Представляете, он этот розовый куст своей Мане привез, на радость! И фасад засиял — любо-дорого!
Глава 7
Лужок, что их свел, манил свежестью и простором. Нравилось ребятам гулять по мягкой траве. Ваня и отдыхал, и за стройкой присматривал. Иной раз побежит, нашумит, нагонит страху на работяг, а вернется, смеется: какой же темный народ! За ними глаз да глаз, чуть вожжи отпустишь — наляпают, потом морока переделывать.
В тот день взял с собой свежую газету.
— Смотри, Марусенька, вот про нашу стройку написали. Фотография есть. О! Гляди, в самом центре — я! Так, и чего пишут?
Начал читать вслух, про то, как строители передовыми темпами возводят N-скую радиостанцию, что группа инженеров применяет новые конструкторские разработки, что ударник производства И. Блохин награжден грамотой. Он и застрельщик свежих идей, и грамотный руководитель, и опытный специалист.
Маня слушала, слушала, потом опустила ресницы, положила ладошку на его кулак и тихо-тихо сказала:
— Научи меня… читать… а то от людей срамота…
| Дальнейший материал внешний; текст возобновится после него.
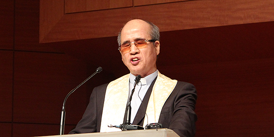 | ▲지난 2013년 한국기독교교회협의회 장애인주일 연합예배에서 시각장애인 조동교 목사(예장총회 장애인복지선교협의회 초대회장, 가나안교회)가 기도하고 있는 장면. ⓒ베리타스 DB |

Иван оторопел: как?! О, Господи! Какой же вы болван, товарищ Блохин! Не заметил, что она…
— Ты — неграмотная?!
— Буквы-то все знаю, в церковно-приходскую ходила. Только те буквы в слова никак не складываются…
«Опытный специалист» откинулся в траву и заржал, аки конь. Это ж надо, живут почти год, а такую важную вещь не заметил. Обнял скукоженную от смущения, расцеловал. Не грусти, говорит, это горе — не беда. Будешь послушной — научу в два счета. И говорить красиво тоже научу.
С пылом-жаром взялся за Манькин ликбез.
— Смотри сюда. Как ты говоришь «не знаю» или «кто его знает»?
— А то знат?
— Вот! Дурацкий твой «а то знат». Неправильный. Надо: «кто его знает». Поняла? Или вот — «чехуя». Матерщина какая-то! «Чешуя». На рыбе чешуя.
— Чудно!
— Или еще. Ты говоришь: «чиганяшки», наверное, имеешь в виду: «цыганята». Так?
– Никакие не цыганята, хотя и цыганята могут. Эт мы так в деревне чумазых детят называли.
– Ага! Слово смешное, оставляем. Ой! Забываю все спросить. Помнишь, когда мы познакомились, ты обозвала меня духариком и этим… Как там?
— Шталомным?
— Во-во!
Маня пустилась в разъяснения. Соскочила, махала руками, подпрыгивала, выпячивала грудь, сверкала глазами. Из ее малосвязанного рассказа выходило, что «духарик» вытекает из понятия «раздухариться». Навроде выскочки, для которого на миру и смерть красна. А «шталомный» совсем просто: буйнопомешанный.
Да уж! Если б Ванька сразу понял, о чем речь, еще неизвестно, как бы дальше повернулось.
— Здорово ты меня тогда причесала. Ладно, чепуха это все. Давай дальше. Как ты, к примеру, говоришь «пока туда-сюда» или «суть да дело»?
— Свод довод.
— Запоминай, это будет по-человечески: «пока то, се».
— Кака разница?
— Ни «кака», а какая. Куцые у тебя слова. А надо плавно…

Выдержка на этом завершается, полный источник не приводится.